If you use the marquee tool – drag a selection, then use the crop command from the image menu, hide the selection right afterwards. That’s control H in Windows. Then hit undo a few times to compare the before/after without the marching ants as a distraction.

Get your own gravatar by visiting gravatar.com Alfred
#8. December 28th, 2007, at 8:55 PM.

This helps, when i try cropping for some reason photoshop snaps to the ends of the photo, its wierd

Get your own gravatar by visiting gravatar.com Andy
#9. January 18th, 2008, at 4:41 PM.

Using the guidelines let us to do a more precise work. Thanks for the useful tuttorial.

Get your own gravatar by visiting gravatar.com Travis
#10. April 26th, 2008, at 8:59 AM.

Cropping is nice, but have you used the magic wand tool in adobe? I think that’s when the true fun begins (remembers putting my roommate’s face on a herpes ad for april fools :P )

Get your own gravatar by visiting gravatar.com bhutan web hosting
#11. June 17th, 2008, at 7:11 AM.

Thanks for the tip. Should ease out some of my photoshop work next time I do some cropping.
You should write more tips/tutorials esp. photoshop.

bhutan web hosting

Get your own gravatar by visiting gravatar.com andy
#12. June 28th, 2008, at 3:53 AM.

Thank you for the tip. I am going to try this tommorrow during some of my editing. Its funny how many ways there are to do things in photoshop

Get your own gravatar by visiting gravatar.com martil
#13. November 11th, 2008, at 12:03 AM.

I am going to take a shot at this. Photoshop can be rather baffling so thank you very much for this nice clear tip.

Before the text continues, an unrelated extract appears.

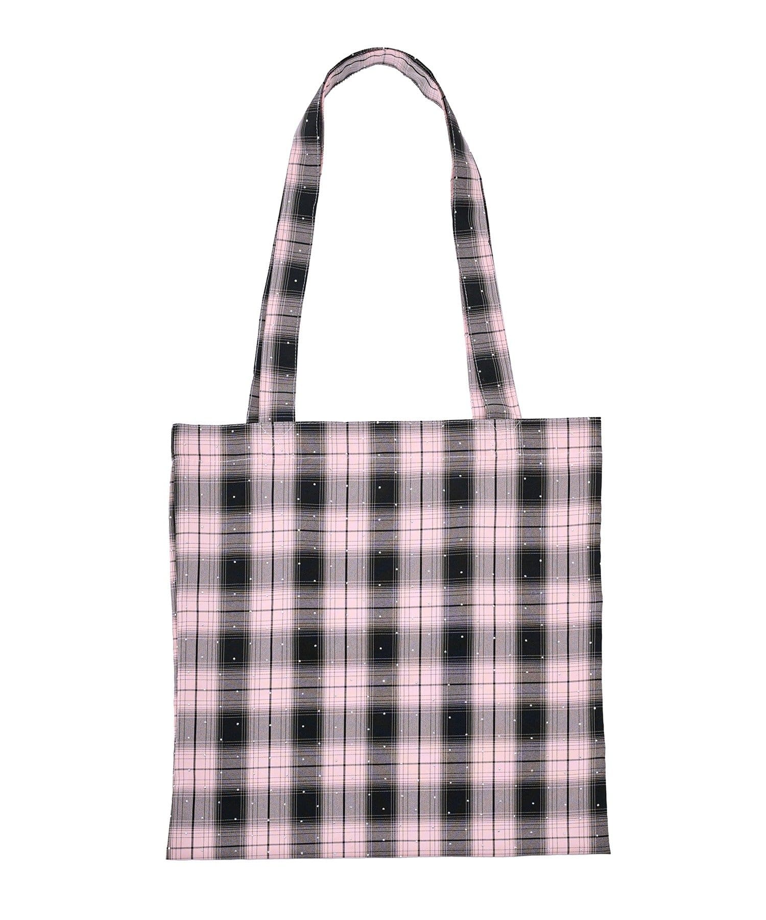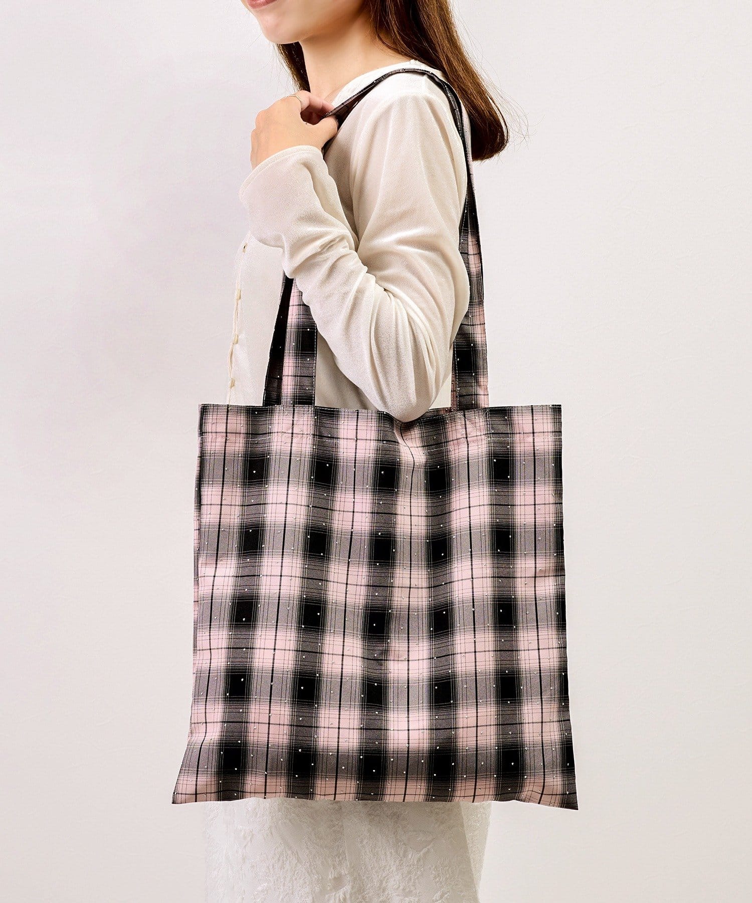 ●チェック柄とラインストーンの組み合わせが可愛いエコバッグ。

Much cleaner and more efficient when cropping, thank you very much.

Get your own gravatar by visiting gravatar.com Sharmane
#14. March 4th, 2009, at 2:29 PM.

Amazing how many different methods there are to accomplishing a certain task with photoshop. Helpful cropping tip, worth a bookmark!

Get your own gravatar by visiting gravatar.com stuart
#15. March 5th, 2009, at 7:34 AM.

If you want more control use Masks. It provides more flexibility if you want to adjust your image or you want to manipulate the original image. Once you cropped the original image that part of the info is lost.

Get your own gravatar by visiting gravatar.com Matt
#16. September 5th, 2009, at 11:22 PM.

Excellent article, thanks! I found some great Photoshop stuff here;
http://www.divknowledge.com
They have Photoshop tutorials and news!
Matt

Get your own gravatar by visiting gravatar.com gry
#17. September 20th, 2009, at 2:34 PM.

I read a few tutorials of cropping pictures but this is one of the simplest and gives great results. BIG thanks!